-------- INFORMATION SUPPLIED

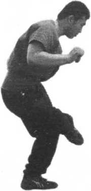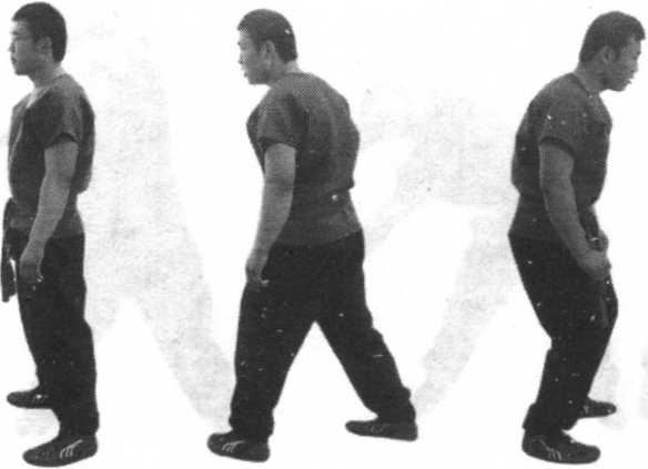 方法:空作揣、入的动作,可用多种步法,如用背步、盖步、卧 步等在最后发力时,入是向侧发力,揣是向正前方躬身发力,其中一 手在体侧做挡的动作。(图36)
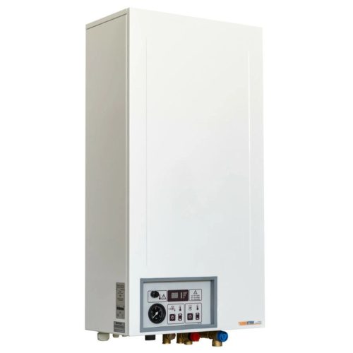 Kombinált elektromos vízteres kazán 24 kW teljesítménnyel, amely központi fűtéshez és átfolyó rendszerű használati meleg víz előállításhoz egyaránt alkalmas. Gyárilag beépített szivattyúkkal, biztonsági berendezésekkel és közel 100%-os hatásfokkal szállított.
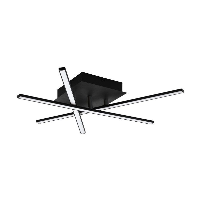 Lámpara de techo plafón Lasana 3 en color negro con acabado metálico plateado. Diseño moderno y minimalista con forma de cruz, ideal para salones, comedor o espacios contemporáneos. Fabricada en metal y acero inoxidable, ofrece una iluminación LED uniforme y elegante. Perfecta para interiores con estilo industrial o escandinavo.
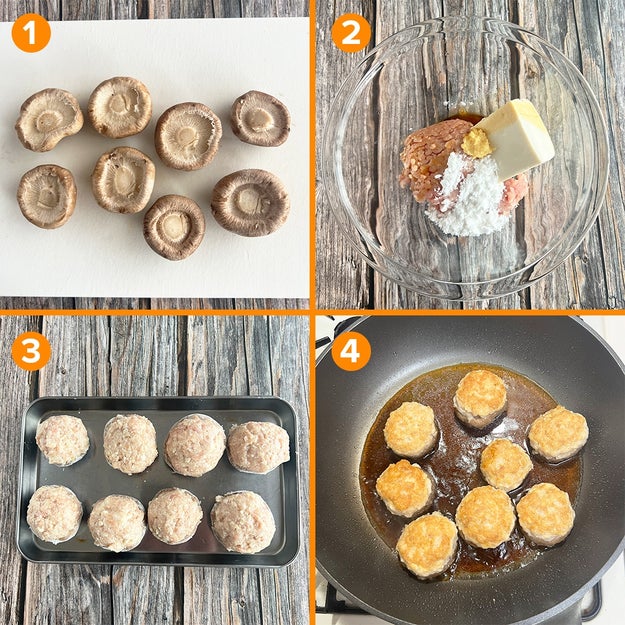 ③ ①のしいたけに片栗粉をまぶし、②のたねを適量のせる。
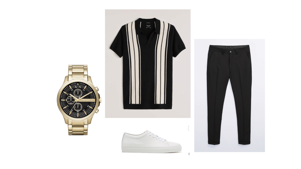 The first look that I put together for Marcel was a club look, for when they eventually open of course. My idea was for the look to be monochromatic. I found this stripped shirt first and thought it was a elevated take on a classic polo. To go with the shirt I paired some black dress pants. You always need A Little Touch of Gold so I added this super cool watch by Armani to elevate the look and add a pop. You can never go wrong with some white sneakers, they can be worn time and time again and they balance this look out and compliment the stripes on the shirt. Yes white sneakers may not be practical for a club so he can always opt for some black boots or sneakers instead. Overall I think this is such a cool but classy club look that he would look great in.
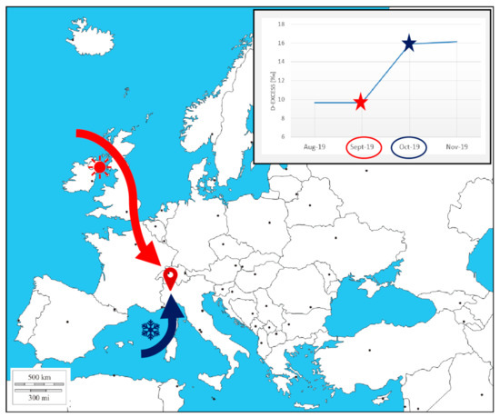 The deuterium excess values of precipitation increased as the cold season approached, particularly in the months of September and October. By analysing the deuterium excess values of precipitation, as was done by previous authors [32], it was possible to highlight that, in the warm season until September, precipitation formed from clouds coming from the Atlantic Ocean (with values up to 15‰ [50]). In the late autumn (i.e., October for the study area), the main contribution to cloud formation was the Mediterranean Sea (with higher values up to 22‰ [51]). In conclusion, the western Aosta Valley is located in an area with influences from two seas and is therefore susceptible to both qualitative and quantitative changes in the two different meteoric inputs, as was already proven for most of the Alpine area (Figure 13).
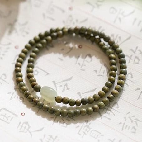 These mala-inspired bracelets are crafted from natural wooden beads and centered with a single polished jade accent bead. Each bracelet wraps gracefully around the wrist, blending traditional elegance with spiritual meaning. Wood symbolizes grounding & strength, while jade is revered for protection & harmony. Available in four distinct wood tones—black, brown, red, and green—these bracelets are ideal for meditation, mindfulness, or daily wear as versatile talismans.
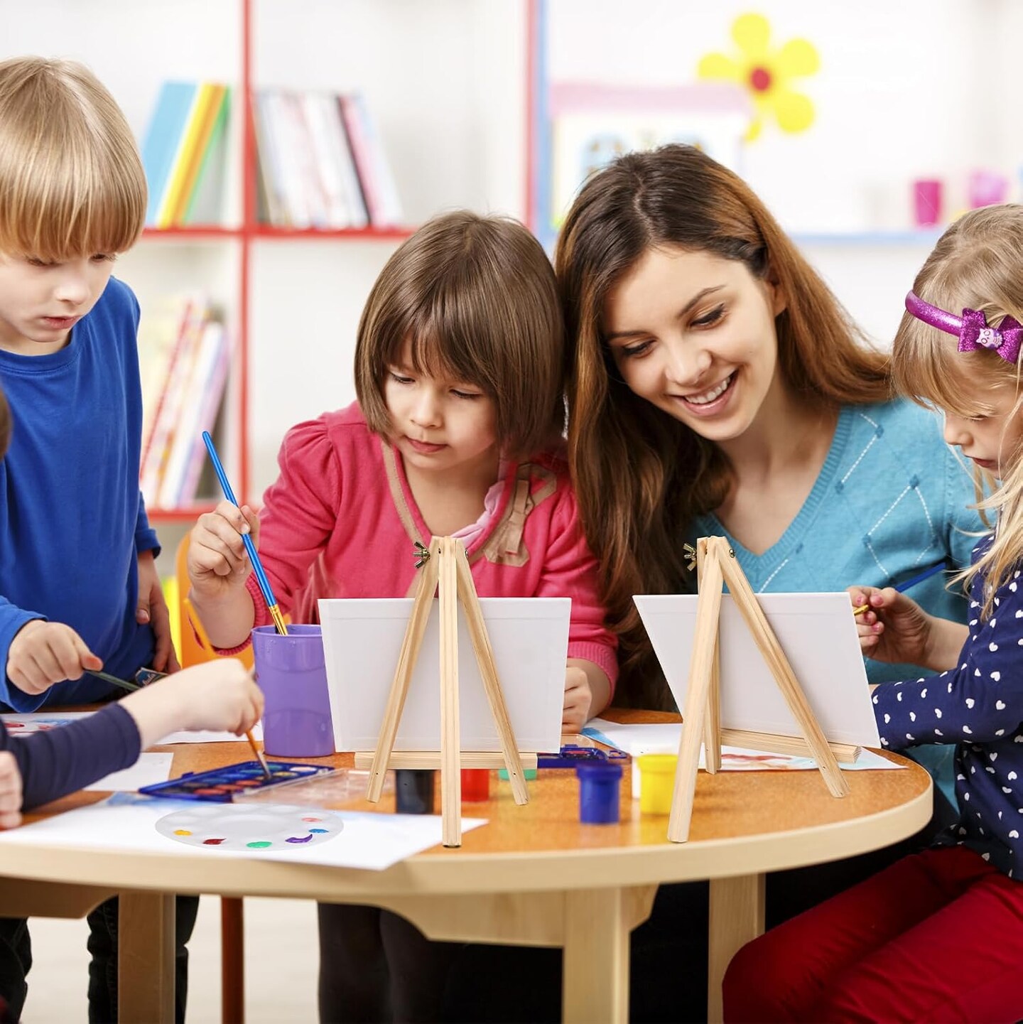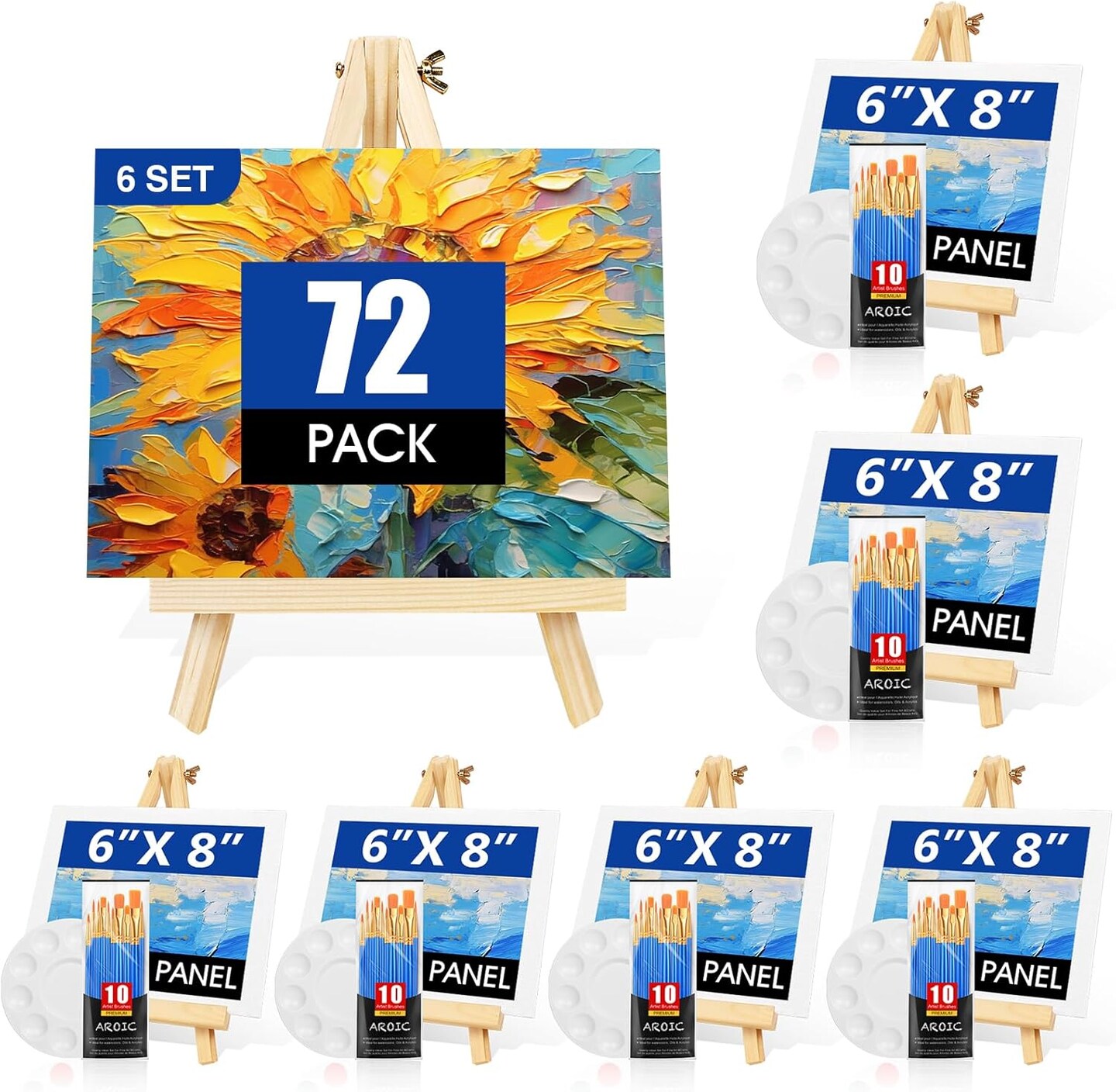 Canvas and Easel Set,Art Painting Set with 78 Pack (6 PCS 9" Wood Easels, 60 Brushes, 6 Canvas Boards and 6 Palette) Painting Supplies kit for Kids & Adults to Painting Party
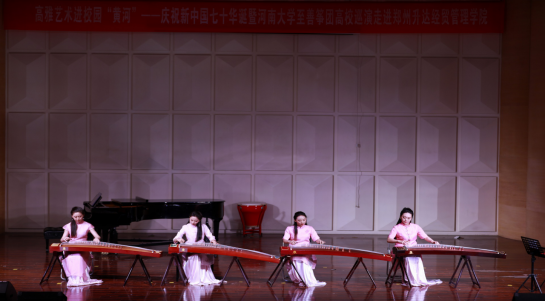 2019年5月16日晚,由公司yL23411永利集团官网承办的河南大学至善筝团庆祝建国70周年高校巡演在公司艺术大楼音乐厅举办。河南大学音乐公司副经理李计成,yL23411永利集团官网全体领导出席及师生400余人共享这场极富感染力的视听盛宴。
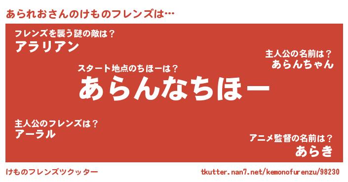 | 男性向けラノベタイトル風あだ名 | 『あられおに滅ぼされるだけの簡単なお仕事です』 |
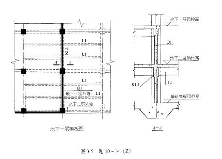 某多层现浇钢筋混凝土结构,设两层地下车库,局部地下一层外墙内移,如图3-5所示。已知:室内环境类别为一类,室外环境类别为二b类,混凝土强度等级均为C30。
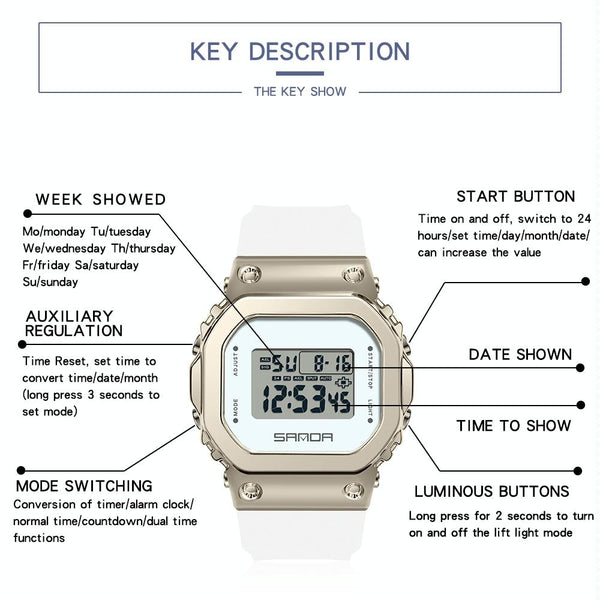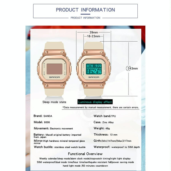SANDA 9006 LED Digital Display Square Dial Sports Electronic Watch for Men and Women(Black Rose Gold)

----------------

» **INSTRUCTIONS TO FOLLOW**
What you print must be exactly the lines from the one containing "男性向けラノベタイトル風あだ名 | 『あられおに滅ぼされるだけの簡単なお仕事です』 |" through the last line of the material, and no pictures.

» **REPLY**
 | 男性向けラノベタイトル風あだ名 | 『あられおに滅ぼされるだけの簡単なお仕事です』 |
 某多层现浇钢筋混凝土结构,设两层地下车库,局部地下一层外墙内移,如图3-5所示。已知:室内环境类别为一类,室外环境类别为二b类,混凝土强度等级均为C30。
SANDA 9006 LED Digital Display Square Dial Sports Electronic Watch for Men and Women(Black Rose Gold)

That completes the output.